On top of this, supply chains are consistently being hit by other disruptive forces, be it the Suez Canal blockage or everyday occurrences like cyber-attacks, all of which have the potential to add further layers of disruption. In any situation like this, supply chain leaders therefore have to consider how much of a delay to goods they can afford before they begin to lose custom.


Hundreds of vessels ended up being stuck behind Ever Given, each carrying different products and goods, a lot of which would have been perishable. As a result, many vessels were battling the very real potential of their goods being written off completely and going to waste.

Time and cost

What this all comes down to, one way or another, is time and cost.

Re-routing via the Cape added many more miles onto a ship’s journey – around 6,000 to be exact. This requires a lot more fuel. What’s more, taking different routes can incur different tariff costs, costs logistics professionals won’t have considered at the start of their journeys. An extra two weeks at sea (at least) also means an extra two weeks’ worth of wages that need to be paid to staff on board. Additionally, while late goods can result in poor customer service, they can also result in penalty fees.

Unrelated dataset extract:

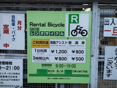 近鉄奈良駅に併設する駐輪場で借りられるレンタサイクル店です。安さを求めると他店のほうが優位ですが、突然でもOKでした。意外に坂道が多い奈良市内ですので、電動アシスト付きが便利。3時間800円でお借りすることが出来ました。

Why supply chain leaders are struggling to make quick decisions

Unforeseen events like this happen all the time. But each one is different and each one forces supply chain managers to take a gamble – go one way or the other.

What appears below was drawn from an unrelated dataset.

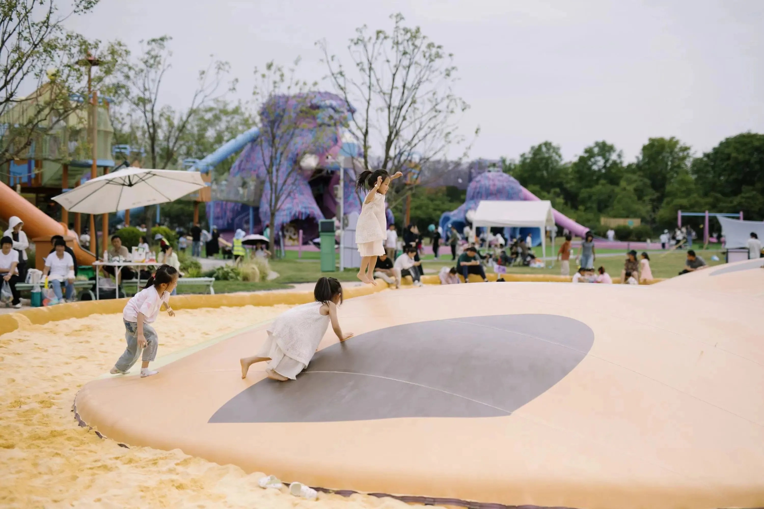 在园区结构上,奥雅设计团队将园区划分为苑苑古象、迷雾水溪、神奇树屋、流水淘金等十二大主题板块,形成“环状探索+节点体验”的游览动线。在这里,孩子们在丛林剧场感受自然魅力,在蹦蹦云体验跳跃乐趣,于自然中激发无限创造力。

The problem is that many don’t have the tools to make these decisions effectively – they are quite literally gambles. While logistics professionals are doing their best to take all of the above factors into account, the data for each of them is disparate, residing across multiple systems and technologies. This makes it difficult to process new information on the fly – but this is crucial when tackling an unprecedented situation that is changing every hour.

So, while there will always be pressure from people at the top to get a good picture of the scenario quickly, for those working from legacy systems, events like this will be one of the biggest challenges of many individuals’ careers.

So, what should these supply chain leaders be considering to help them tackle the problem and deal with future disruptive events?

Data-driven scenario planning

Scenario planning is key to ensuring supply chains don’t face the same negative impacts that were seen off the back of the Suez Canal blockage, when future disruption strikes. It supports a great number of possible responses to expected or unexpected market changes by enabling people to quickly assess and evaluate feasible options and make the best decision for optimal response.

Scenario planning, driven by real-time data, is critical for businesses looking to build a supply chain that is agile and can adapt to quickly changing circumstances without impacting the customer experience.

So if supply chain leaders take any learnings from the Suez blockage, let it be that while they can never know what’s around the corner, they can always be prepared, providing they have the right tools.